Data Scientists spend a large part of their day on exploratory analysis. In the 2015 Data Science Salary Survey, 46% of respondents said that they use one to three hours per day on the summarizing, visualization, and understanding of data, even more than on data cleansing and data preparation.
Process mining is focused on the analysis of processes, and it is an excellent tool in particular for the exploratory analysis of process-related data. If your data science project concerns business or IT processes, then you need to explore these processes and understand them first before you can train machine learning algorithms or run statistical analyses in any meaningful way.
With process mining you can get a process view of the data.
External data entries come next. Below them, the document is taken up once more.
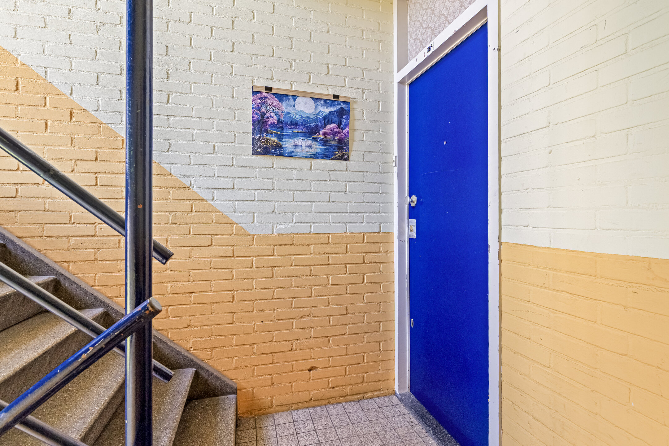 • Gemeenschappelijke entree met brievenbussentableau, bel/intercom en trapopgang naar verdieping.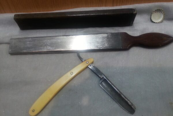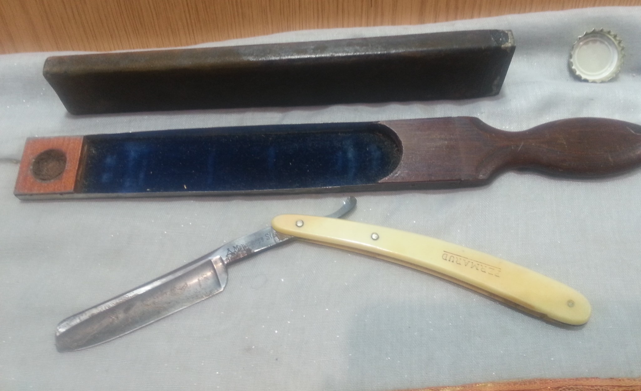 Colección de utensilios antiguos de barbero. Asentador y navaja de barbero.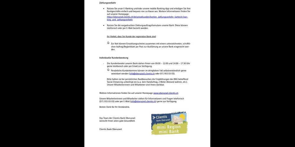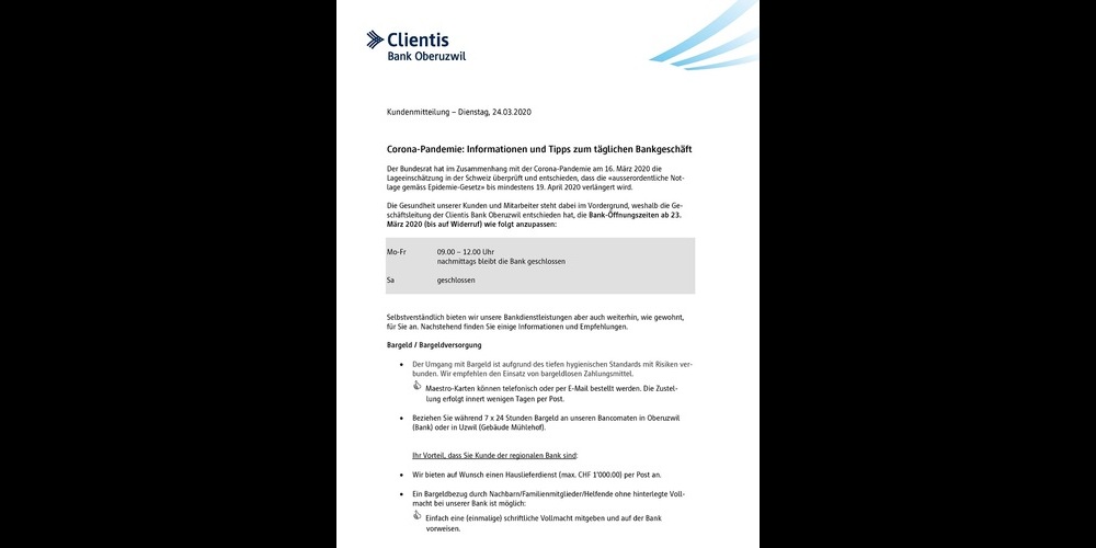 Die Clientis Bank Oberuzwil informiert Kundschaft und Bevölkerung über Anpassungen bei den Öffnungszeiten und gibt eine Reihe von Tipps für das tägliche Bankgeschäft.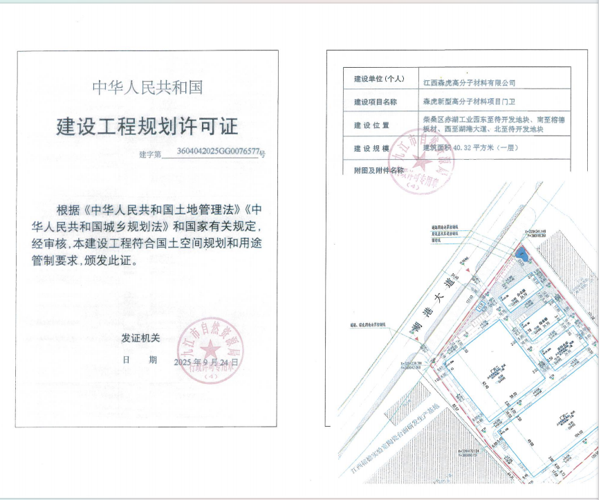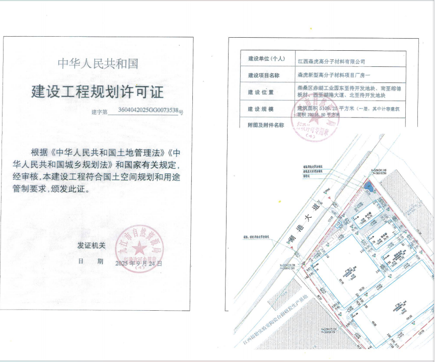 森虎新型高分子材料项目宿舍楼、办公楼、厂房一、厂房二、原料仓库、门卫建设工程规划许可证批准结果公示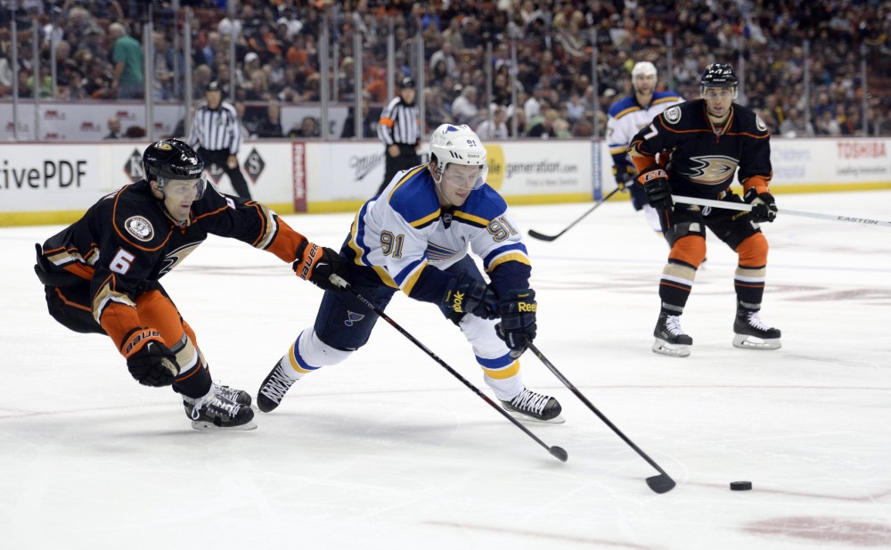 This weekend, the Blues lost forward Paul Stastny to an injury on Saturday against the Arizona Coyotes and fellow center Jori Lehtera was sidelined with the flu for Sunday’s contest. On the team’s second game of the back-to-back, Magnus Paajarvi and Chris Porter stepped in for the MIA forwards, while Petteri Lindbohm made his NHL debut on defense in place of Jordan Leopold, who was a healthy scratch. The result was a game that saw the Ducks stay “a step ahead,” according to Hitchcock.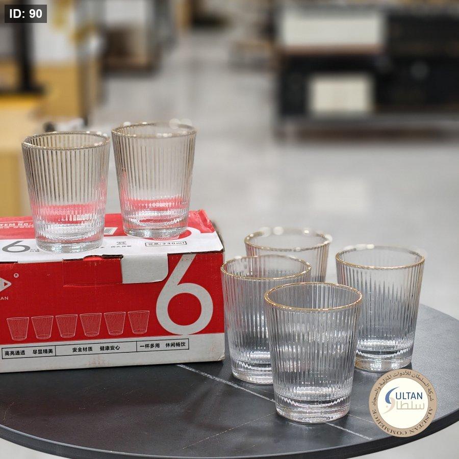 طقم 6 كاسات عصير زجاج شفاف مع حز ذهبي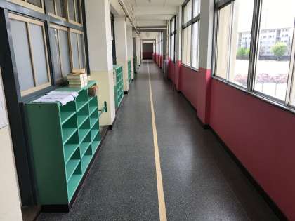 先ほどの印刷室や第2職員室の前の廊下は窓が非常に小さく、昼でも薄暗いのですが、教室の方は日当たり抜群です。

The specific process view results from the following three parameters:
- Case ID: The selected case ID determines the scope of the process and connects the individual steps of a process instance from the beginning to the end (for example, a customer number, order number or patient ID)
- Activity: The activity name determines the steps that are shown in the process view (such as “order received” or “X-ray examination completed”).
- Timestamp: One or more timestamps per step (for example for the beginning and the end of an X-ray examination) are used to calculate the process sequence and to derive parallel process steps.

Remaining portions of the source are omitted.